Ovarian cancer has a survival rate of more than 90%—but only if caught early. It remains challenging to detect due to its vague symptoms and the lack of noninvasive screening options. Most cases are diagnosed only after the cancer has grown or spread, when the chances of survival drop precipitously.

Now, a multisite study led by Cedars-Sinai investigators Simon Gayther, PhD, and Kate Lawrenson, PhD, has identified 34 genes related to increased risk of the disease. Their findings may not only help warn women in jeopardy of ovarian cancer but also pave the way for therapies targeting the guilty genes.

The team’s work builds on previous research by the Ovarian Cancer Association Consortium comparing the genetic profiles of nearly 25,000 ovarian cancer patients to 45,000 healthy women. They found more than 30 regions in the genome associated with the disease.

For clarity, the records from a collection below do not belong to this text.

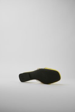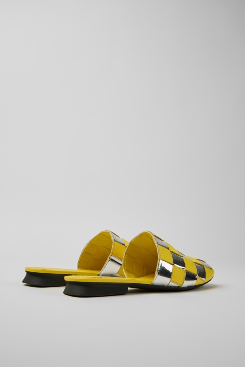 Κίτρινα και ασημί ανακυκλωμένα γυναικεία Mules PET και δέρμα με 100% εξωτερικές σόλες TPU (20% ανακυκλωμένα). Η γυναικεία μας σειρά Casi Myra διαθέτει διαχρονικό σχέδιο με ελαφρώς τετραγωνισμένο σχήμα.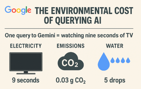 - Gemini에 단순 텍스트 질문 1회를 할 때 소비되는 에너지는 TV를 9초 동안 보는 것과 동일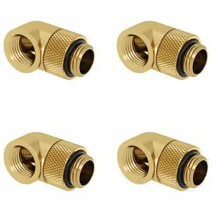 Barrow 4 Pack G1/4" Male to Female 90 Fitting, 360 Rotary 90 Degree Angled Elbow Connector, Enhance Multi-Link Rotary Adapter Fitting for Computer Water Cooling System, Gold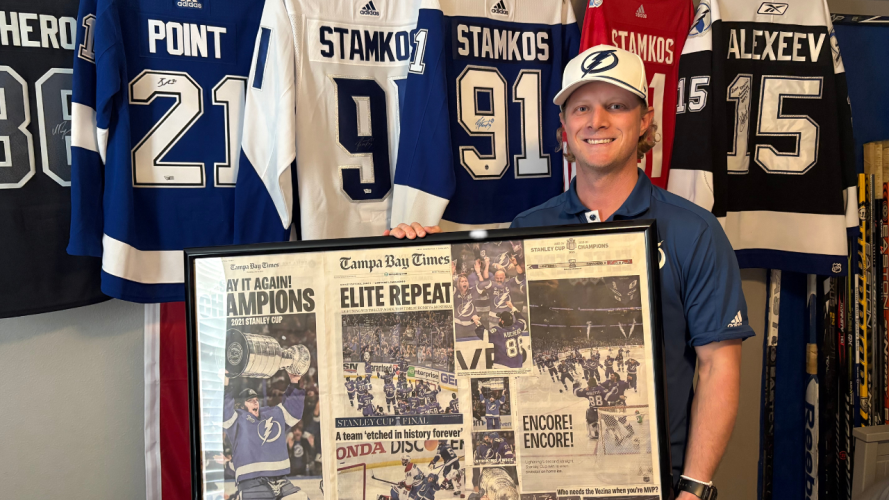 From cards, to sticks to jerseys, Chris Weisman has thousands of pieces of Lightning memorabilia, the majority of it is autographed.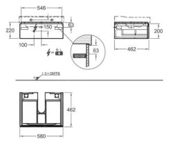 - afmetingen kastje: 58 x 22 x 46,2 cm (bxhxd)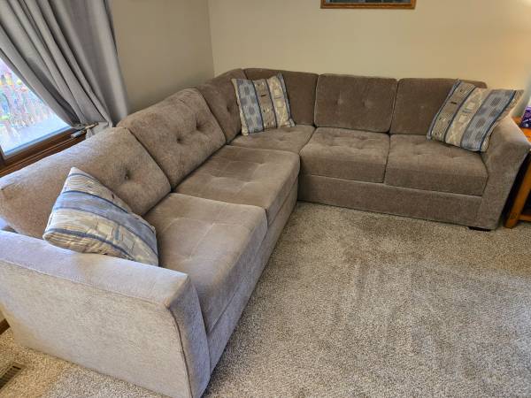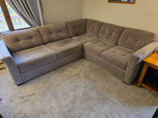 9'x8'x32" Sectional for sale, custom purchased from Schneidermans 5yrs ago for $1500. USA made. Lightly used. Couple with no kids, no pets and non-smokers. One of us always sat in separate rocker. Excellent condition. Comes with pillows pictured.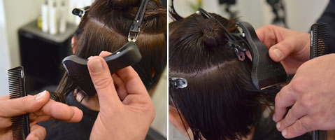 Step 2| Anschließend trockenföhnen mit Haartrockner Drynamic P und Rundbürste Atelier Graphite XL.
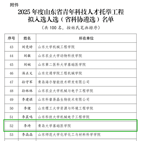 近日,山东省科学技术协会公示了2025年山东省青年科技人才托举工程拟入选名单。全省共100名青年科技人才在列,我院医学药理学系李琦老师入选。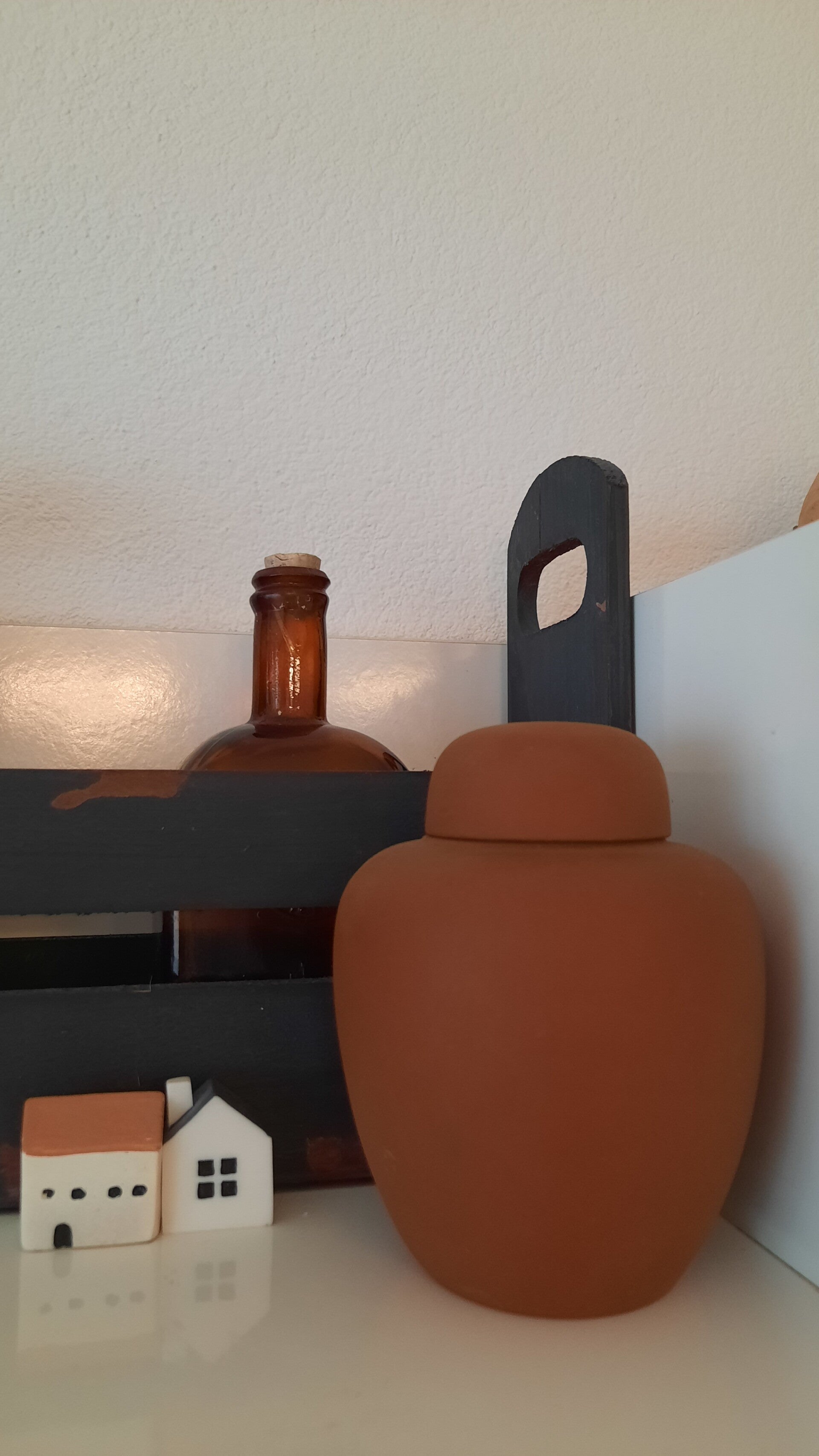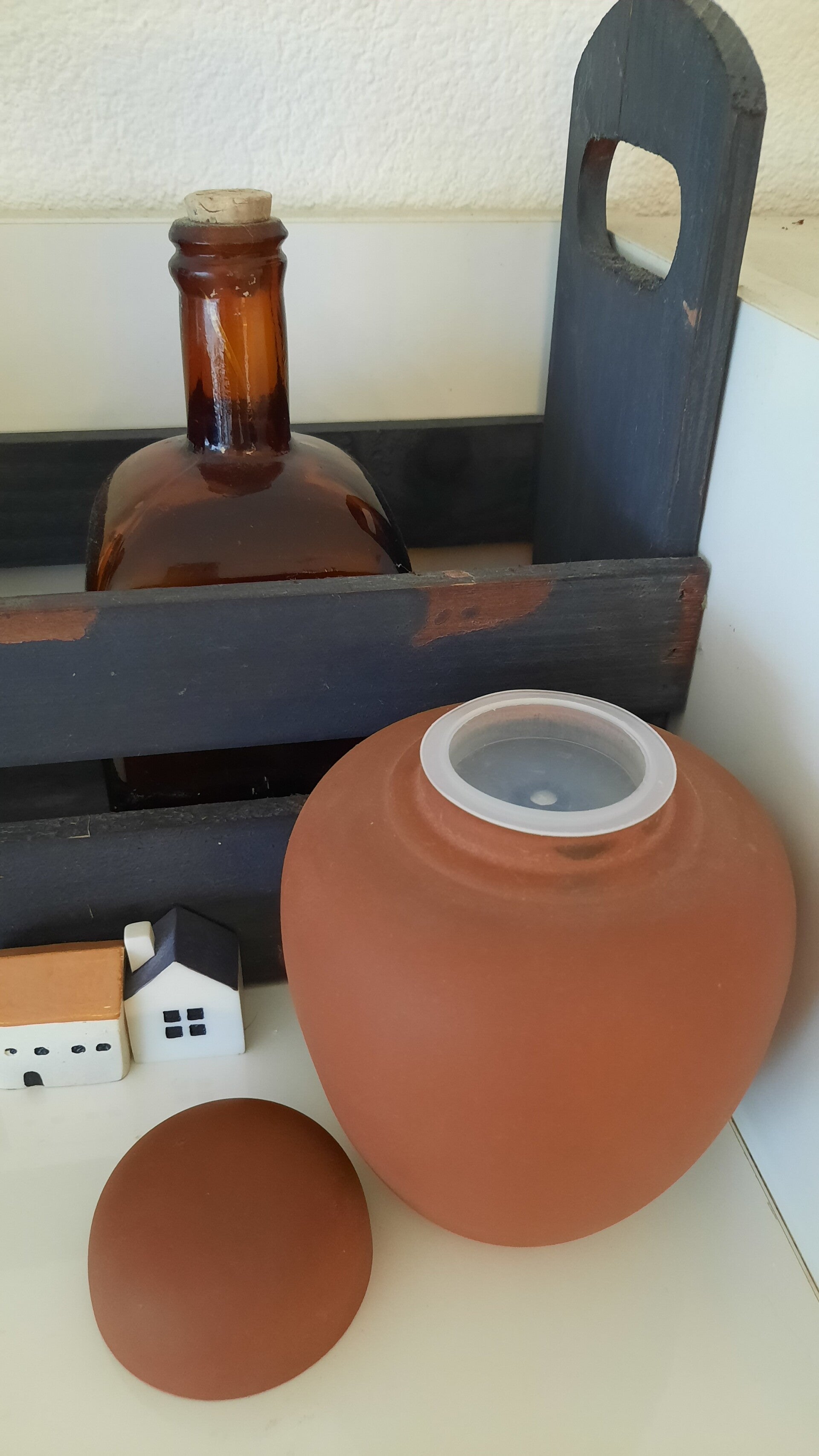 A vintage Japanese ceramic tea urn in brown. It is a ceramic vase/jar with a lid to store tea.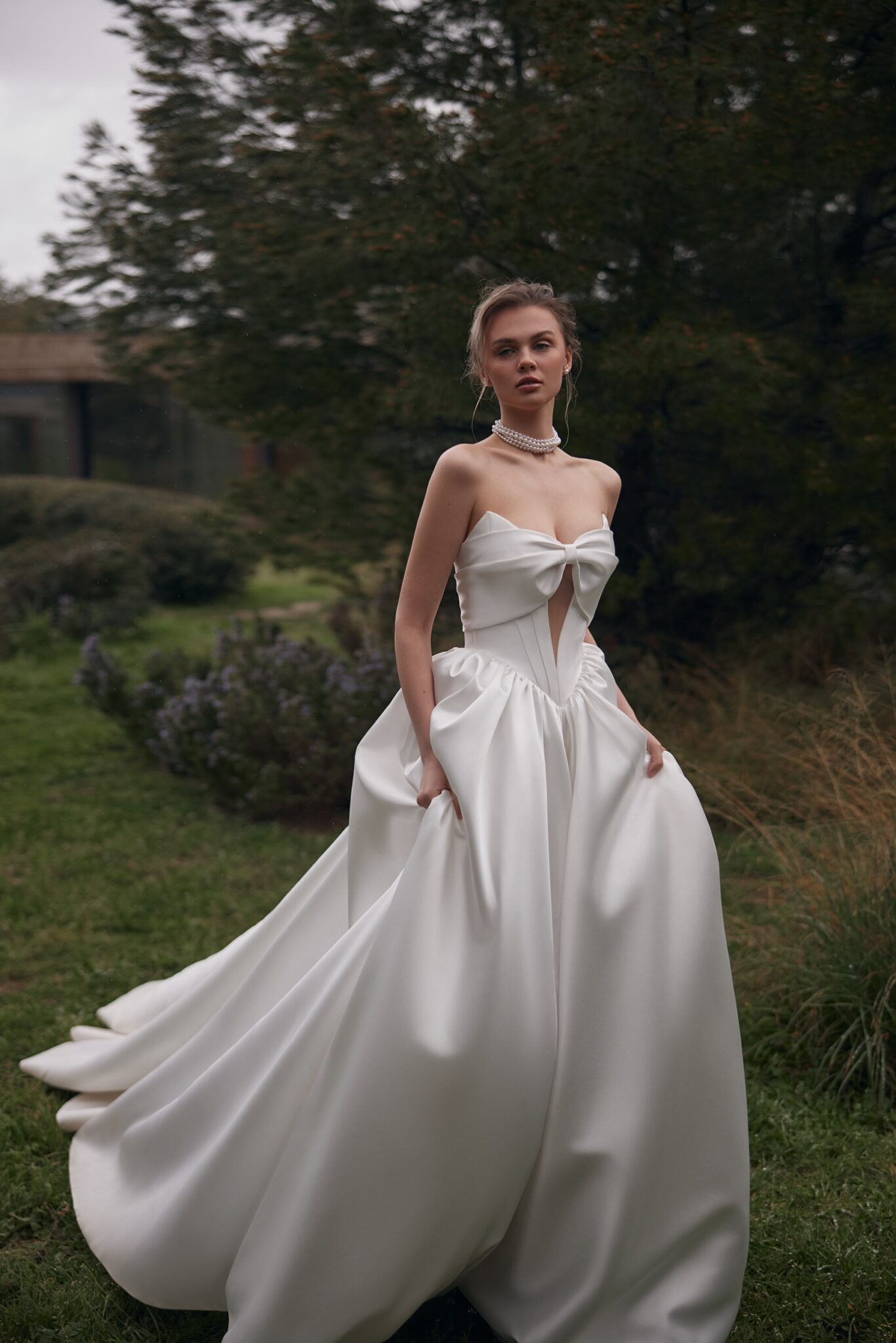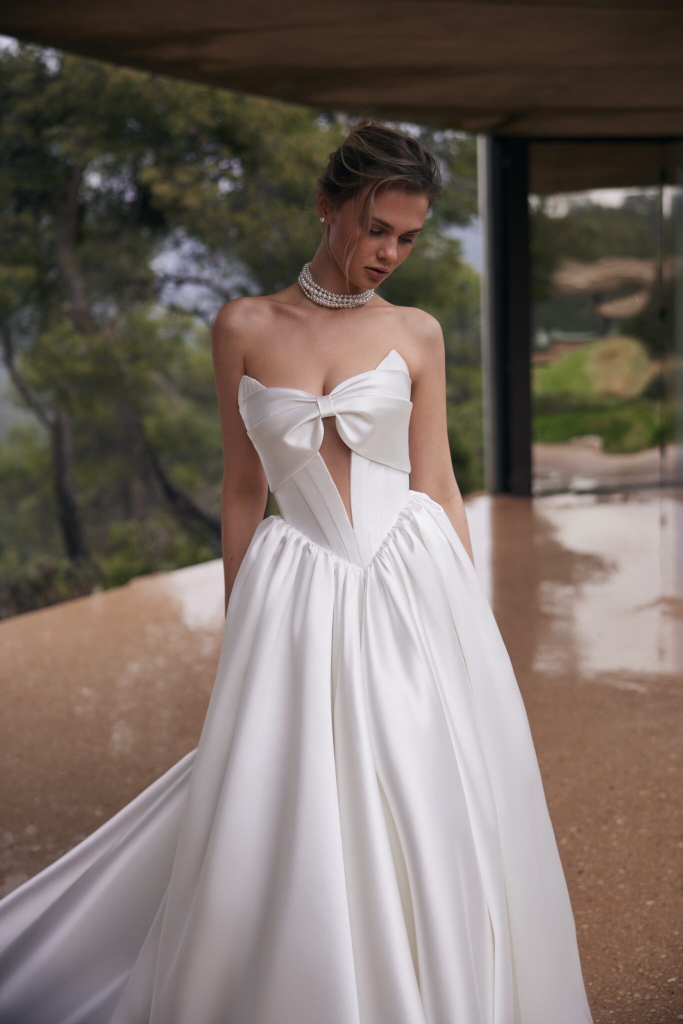 Additionally, the structured Mikado fabric ensures a flawless silhouette, while the minimalistic yet stylish design makes it perfect for both classic and modern brides. The bow detail enhances the romantic charm, making the dress a timeless choice for a wedding look.

To pinpoint exact genetic culprits in these regions, the study elucidated the significance of risk factors and DNA and abnormal expression of genes in ovarian and other tissues. This process was complicated by the fact that thousands of possible gene targets exist that can be affected by numerous mechanisms. “Putting the pieces together is a huge computational and statistical effort,” notes Gayther, co-director of the Applied Genomics, Computation and Translational Core and the Barth Family Chair in Cancer Genetics in honor of Beth Y. Karlan, MD.

“This study also shows how critical it is to study specific cells from which ovarian cancers arise,” says Lawrenson, assistant professor of Obstetrics and Gynecology. 

Researchers hope the findings will eventually help identify ways to prevent ovarian cancer from progressing to late, lethal stages.